In support thereof, petitioner argues that an order merely
declaring who are heirs and the shares to which set of heirs is
entitled cannot be the basis of execution to require delivery of
shares from one person to another particularly when no
project of partition has been filed.[19] The trial court declared
in the January 30, 1986 Order that petitioner is not the legal
wife of Alejandro, whose only heirs are his three legitimate
children (petitioners herein), and at the same time it nullified
the will.But it should be noted that in the same Order, the trial
court also said that the estate of the late spouses be
distributed according to the laws of intestacy. Accordingly, it
has no option but to implement that order of intestate
distribution and not to reopen and again re-examine the
intrinsic provisions of the same will.

It can be clearly inferred from Article 960 of the Civil Code,


on the law of successional rights that testacy is preferred to
intestacy.[20] But before there could be testate distribution, the
will must pass the scrutinizing test and safeguards provided by
law considering that the deceased testator is no longer
available to prove the voluntariness of his actions, aside from
the fact that the transfer of the estate is usually onerous in
nature and that no one is presumed to give - Nemo
praesumitur donare.[21] No intestate distribution of the estate
can be done until and unless the will had failed to pass both its
extrinsic and intrinsic validity. If the will is extrinsically void,
the rules of intestacy apply regardless of the intrinsic validity
thereof. If it is extrinsically valid, the next test is to determine
its intrinsic validity that is whether the provisions of the will
are valid according to the laws of succession.

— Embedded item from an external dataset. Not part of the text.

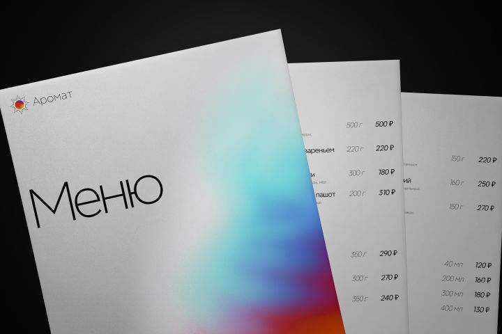 Так айдентика ресторана «Аромат» передаёт ключевую идею — каждое блюдо, как и каждый оттенок цвета, раскрывается постепенно и оставляет послевкусие.

In this case, the
court had ruled that the will of Alejandro was extrinsically valid
but the intrinsic provisions thereof were void. Thus, the rules
of intestacy apply as correctly held by the trial court.

Furthermore, Alejandros disposition in his will of the


alleged share in the conjugal properties of his late spouse,
whom he described as his only beloved wife, is not a valid
reason to reverse a final and executory order. Testamentary
dispositions of properties not belonging exclusively to the
testator or properties which are part of the conjugal regime
cannot be given effect. Matters with respect to who owns the
properties that were disposed of by Alejandro in the void will
may still be properly ventilated and determined in the
intestate proceedings for the settlement of his and that of his
late spouses estate.

Petitioners motion for appointment as administratrix is


rendered moot considering that she was not married to the
late Alejandro and, therefore, is not an heir.